Spontaneous accumulation of lipid droplets in Tgfbr2 mutant cells resulting from a defect in lipolysis. (A) Primary MEPM cells from Tgfbr2^fl/fl (WT) and Tgfbr2^fl/fl;Wnt1-Cre (CKO) mice cultured in regular medium for 0 or 21 days. Lipid droplets were stained with Oil Red O. Bar, 50 μm. (B) Quantitative analysis of lipid accumulation by Oil Red O staining in WT (white bar) and CKO (black bar) MEPM cells. Data are OD490 measurements. ***P<0.001. (C) Triacylglycerol level in WT and CKO MEPM cells cultured for 21 days. Data are expressed as mg per 100 mg protein. ***P < 0.001. (D) Pulse-chase analysis of lipid droplet formation using chemical inducers, oleic acid (OA) for lipogenesis (after 0, 60 and 120 min) and isoproterenol (IP) for lipolysis (after 10 and 30 min), in MEPM cells of WT and CKO mice. **P < 0.01. (E) Quantitative analysis of adipogenesis by Oil Red O staining in WT and CKO MEPM cells after 1 week of culture in adipogenic induction (+) or regular medium (−).

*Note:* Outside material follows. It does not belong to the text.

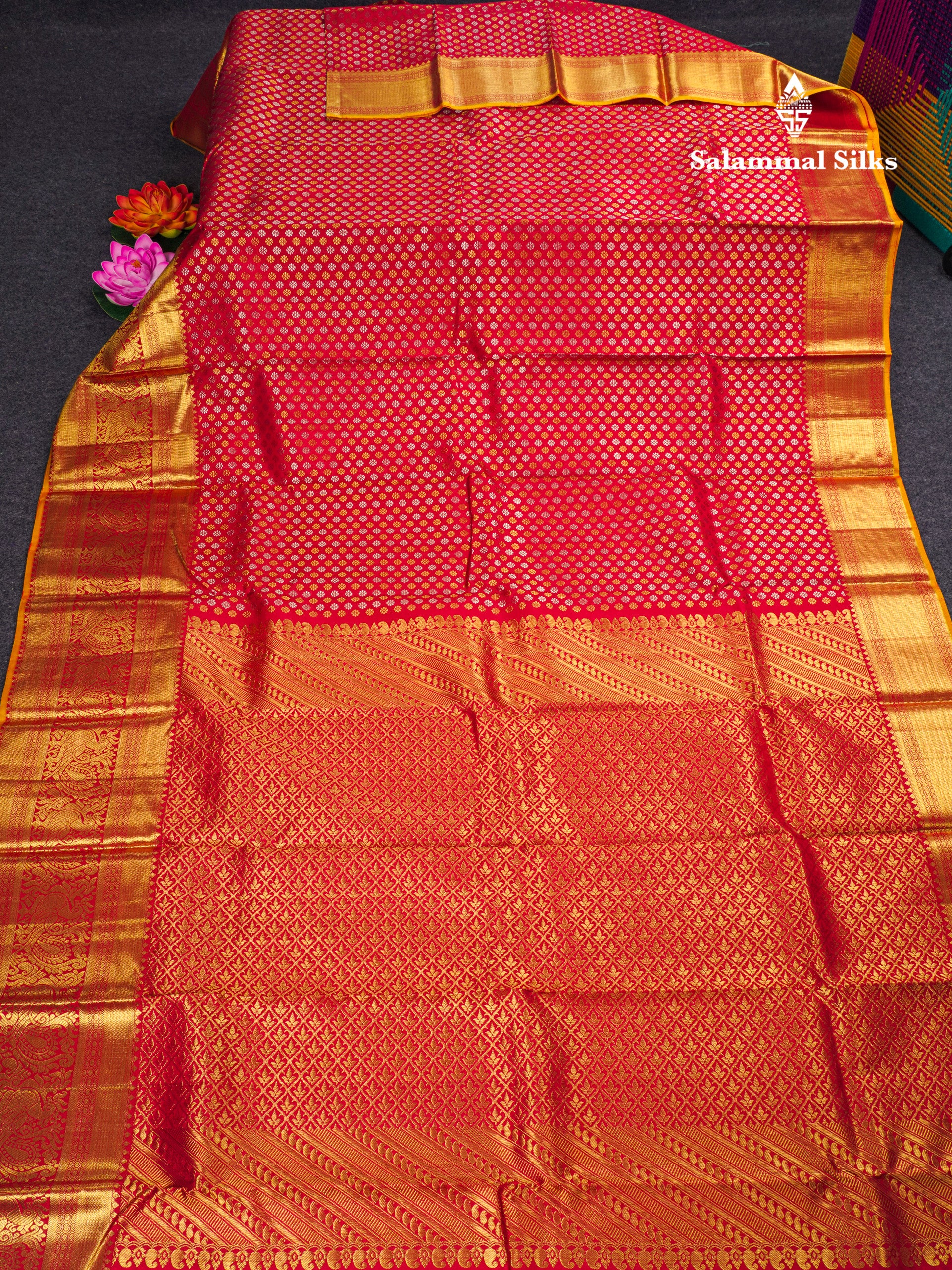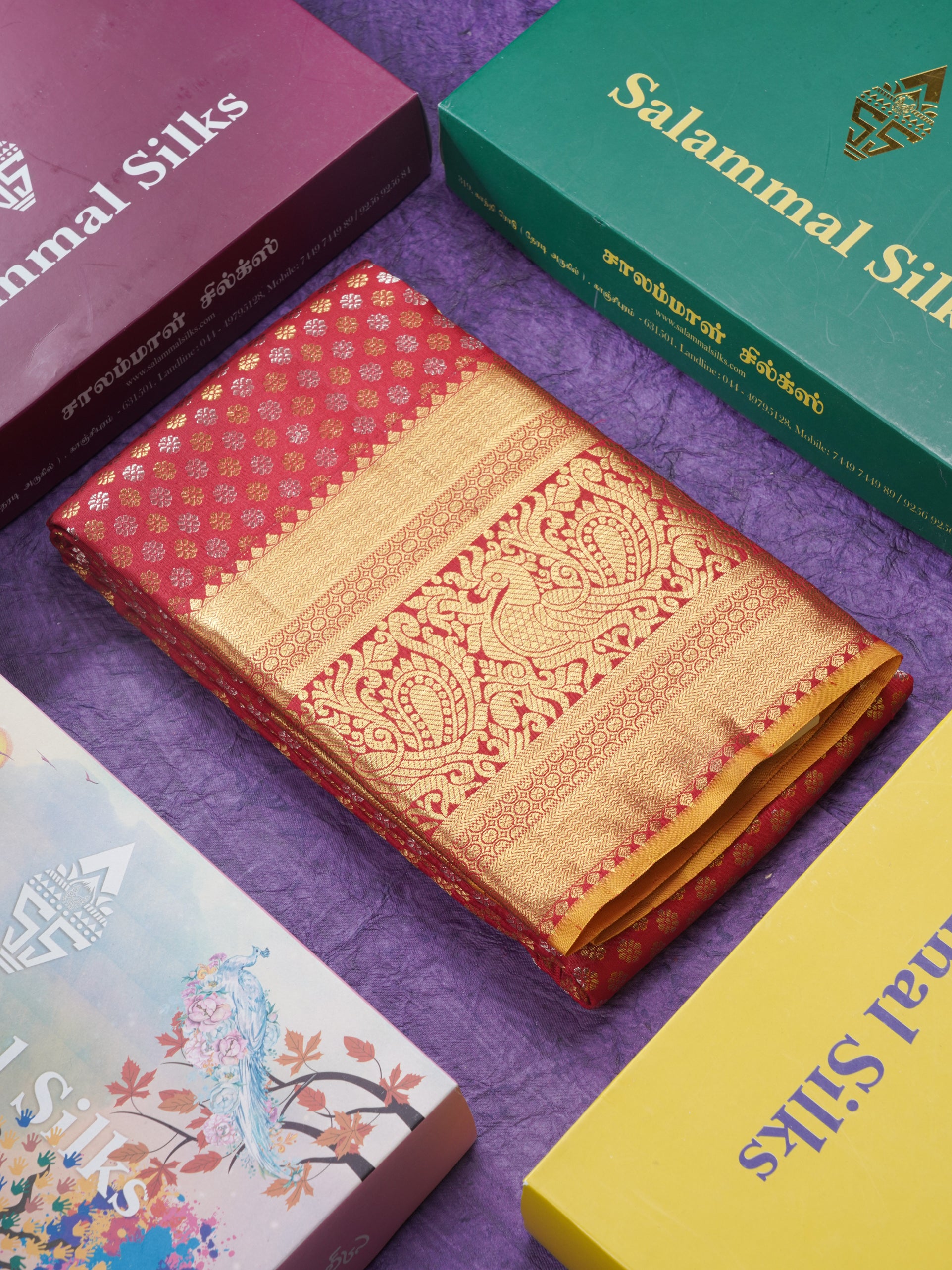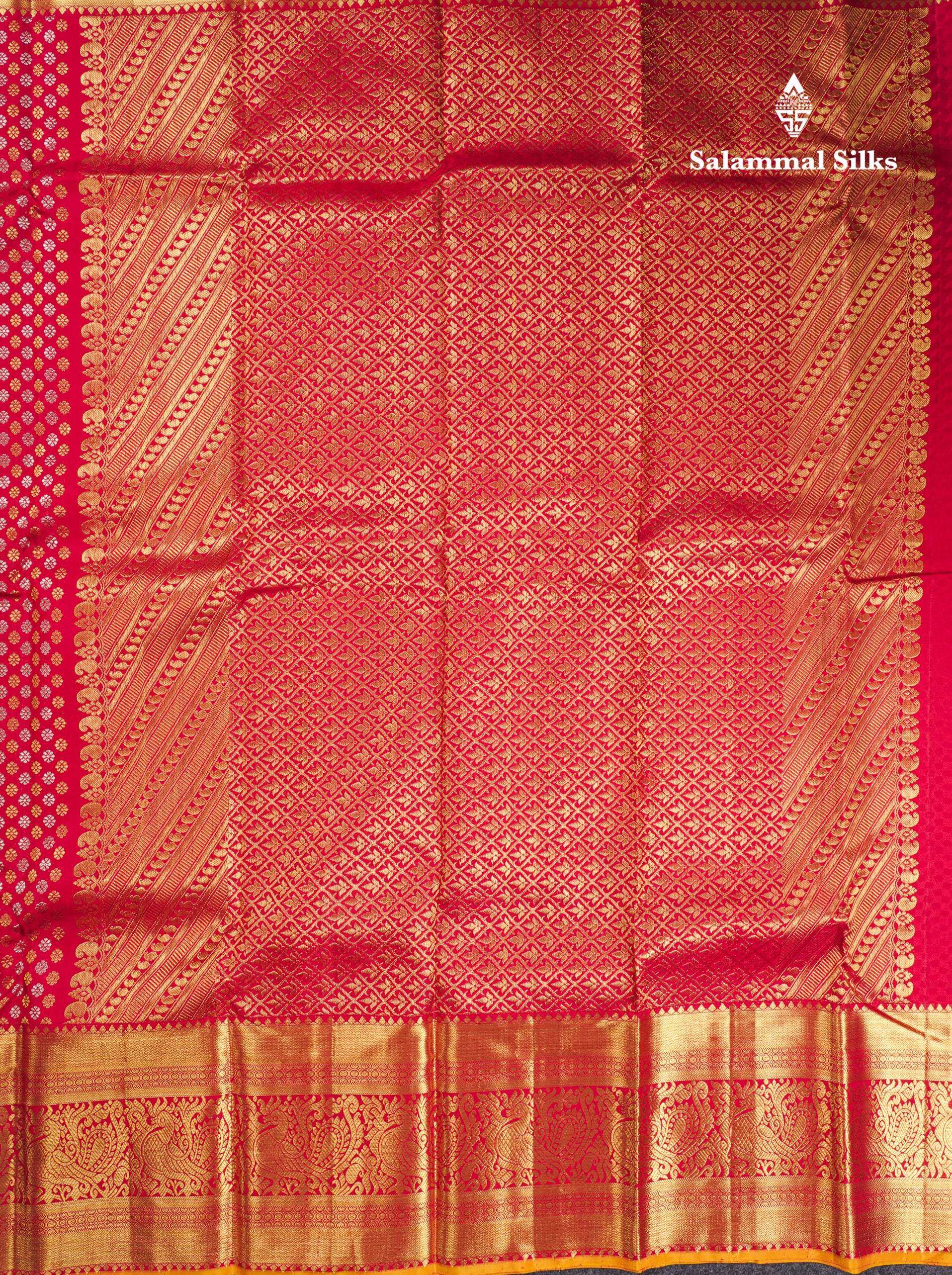 Salammal is known for its handloom sarees. In some sarees, there is cross-weaving between the body and the pallu, which is a sign of pure handloom sarees. This can be seen in Kanchipuram embossed sarees.

Data are relative OD490 measurements. **P < 0.01. (F) Quantitative analysis of glycerol released into the medium by isoproterenol stimulation (+) or mock treatment (−) in MEPM-derived adipocytes of WT and CKO mice. *P < 0.05; **P < 0.01; NS, not significant. (G) Immunoblotting analysis of indicated molecules related to AKT signaling in MEPM cells from WT and CKO mice. (H) Oil Red O staining of MEPM cells from WT and CKO mice treated without (control) or with p38 MAPK inhibitor SB203580 or PD169316 for 3 weeks. Bars, 20 μm.

Figure 2.

Identification of target molecules regulating lipid metabolism in Tgfbr2 mutant cells. (A) Quantitation of cAMP levels in the MEPM cells of Tgfbr2^fl/fl (WT, white bars) and Tgfbr2^fl/fl;Wnt1-Cre (CKO, black bars) mice. *P < 0.05. (B) Summary of microarray analysis results from MEPM cells of WT and CKO mice. Forty-seven gene transcripts were down-regulated in Tgfbr2^fl/fl;Wnt1-Cre MEPM cells compared with Tgfbr2^fl/fl MEPM cells. Forty-four gene transcripts were up-regulated in CKO MEPM cells compared with WT MEPM cells. n = 4 per genotype. Altered gene expression of 5′-cyclic monophosphate (cAMP) regulators is listed. (C) Measurement of cAMP in the MEPM cells of WT and CKO mice after Adcy2 overexpression and Pde4b siRNA knock-down (+) or control treatment (−). *P < 0.05. (D) Quantitative reverse transcription polymerase chain reaction (RT–PCR) analyses of Adcy2 and Pde4b in WT and CKO MEPM cells after treatment with p38 MAPK inhibitor SB203580 (p38 inh.) or no drug control (Cont.). *P < 0.05. (E) Immunoblotting analysis of indicated molecules related to PKA signaling in MEPM cells from WT and CKO mice treated with (+) or without (−) p38 inhibitor. Bar graphs (right) show the ratios of phosphorylated PKAR2 to PKAR2 following quantitative densitometry analysis of immunoblotting data. *P < 0.05. (F) Schematic diagram of mouse Adcy2 and Pde4b promoter regions showing putative MEF2 response elements (REs) identified by genomatix software within the Adcy2 and Pde4b genes. Arrowheads indicate the position of primers used in ChIP analysis. (G) ChIP analysis to detect MEF2 binding of the Adcy2 and Pde4b promoter in MEPM cells. PCR was performed using primers indicated in Materials and Methods.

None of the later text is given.